Am Problem der Interaktionssteuerung und der Konventionen in diesem Bereich wird die Sprechaktanalyse noch arbeiten müssen. Der sehr gewichtige Beitrag der Sprechakttheorie zur Linguistik ist jedoch sicherlich, dass sie die bekannte „double articulation“ sprachlicher Äußerungen (1. Sprachkörperebene der Laute, grammatische Formen und Konstruktionen; 2. Inhalts- bzw. Bedeutungsebene) erweitert hat um einen dritten Bereich, indem die kommunikative Kraft und Wirkung einbezogen worden sind.

In sprechakttheoretischen Untersuchungen wird weiterhin der Rahmen über den Verlauf eines Gesprächs hinaus auf sein Ergebnis ausgedehnt. Es wird untersucht, ob ein Sprechakt Erfolg hatte, ob er geglückt ist. Glücken ist ein Urteil, das nicht allgemein auf die Kommunikation zielt – die Kommunikation als solche findet entweder statt oder nicht. Glücken bezieht sich auf die kommunikativen Absichten der Gesprächspartner. Hier ist nun allerdings genau zu unterscheiden zwischen dem Glücken eines Sprechaktes und dem Glücken einer Handlungsabsicht. Ein Sprechakt ist dann geglückt, wenn der Gesprächspartner verstanden hat, was der Sprecher will.
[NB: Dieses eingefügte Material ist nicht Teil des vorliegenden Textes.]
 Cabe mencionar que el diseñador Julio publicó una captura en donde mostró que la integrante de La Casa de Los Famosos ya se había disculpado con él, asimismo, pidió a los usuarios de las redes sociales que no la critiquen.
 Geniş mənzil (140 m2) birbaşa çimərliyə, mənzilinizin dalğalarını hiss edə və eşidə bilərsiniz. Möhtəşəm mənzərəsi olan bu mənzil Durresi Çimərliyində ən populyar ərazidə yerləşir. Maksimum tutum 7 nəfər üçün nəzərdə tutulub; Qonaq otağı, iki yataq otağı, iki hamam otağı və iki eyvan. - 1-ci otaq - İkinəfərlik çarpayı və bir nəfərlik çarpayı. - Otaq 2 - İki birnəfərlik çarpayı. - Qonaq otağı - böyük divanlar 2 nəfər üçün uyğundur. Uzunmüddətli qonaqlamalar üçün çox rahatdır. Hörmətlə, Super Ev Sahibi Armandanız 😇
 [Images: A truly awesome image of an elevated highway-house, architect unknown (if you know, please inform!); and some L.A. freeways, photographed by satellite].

Damit ist noch nicht gesagt, dass der Angesprochene auf die Absichten des Sprechers eingehen wird. Am Beispiel erläutert:

– Würde die Dame auf die Äußerung des Obers hin ihrerseits laut rufen: „Herr Geschäftsführer, Ihr Ober ist ein Flegel, er beschmutzt mich mit Braten und beschimpft mich obendrein“, dann wäre der Sprechakt des Obers nicht geglückt, sie hatte ihn nicht verstanden.
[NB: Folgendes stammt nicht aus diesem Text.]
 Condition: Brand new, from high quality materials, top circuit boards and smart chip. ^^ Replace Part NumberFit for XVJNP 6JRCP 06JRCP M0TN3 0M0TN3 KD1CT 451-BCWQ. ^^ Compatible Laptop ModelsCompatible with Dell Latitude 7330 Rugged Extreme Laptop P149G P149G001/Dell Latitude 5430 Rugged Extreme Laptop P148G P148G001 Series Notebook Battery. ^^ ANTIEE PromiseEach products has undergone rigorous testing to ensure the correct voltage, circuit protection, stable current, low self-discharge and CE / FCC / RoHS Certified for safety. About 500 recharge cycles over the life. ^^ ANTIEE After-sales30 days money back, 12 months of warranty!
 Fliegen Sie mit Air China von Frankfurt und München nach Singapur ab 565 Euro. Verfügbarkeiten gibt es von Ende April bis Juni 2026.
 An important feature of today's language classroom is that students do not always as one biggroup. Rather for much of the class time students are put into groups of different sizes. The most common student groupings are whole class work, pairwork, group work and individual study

– Würde die Dame antworten: „Ich finde das gar nicht lustig, und Ihre Bemerkung ist eine Unverschämtheit. Holen Sie sofort den Geschäftsführer", dann wäre der Sprechakt geglückt; sie hatte die Absicht des Obers verstanden, dass er aus der Si­tuation ohne Unannehmlichkeiten für sich selbst herauskommen möchte; aber sie ist nicht bereit, darauf einzugehen. Die Intention des Obers ist mithin ohne Erfolg geblieben.

– Würde die Dame antworten: „Warum geben Sie mir denn die ganze Gans, ich wäre mit der halben auch zufrieden gewesen?", dann wäre sowohl der Sprechakt geglückt als auch die Intention des Obers.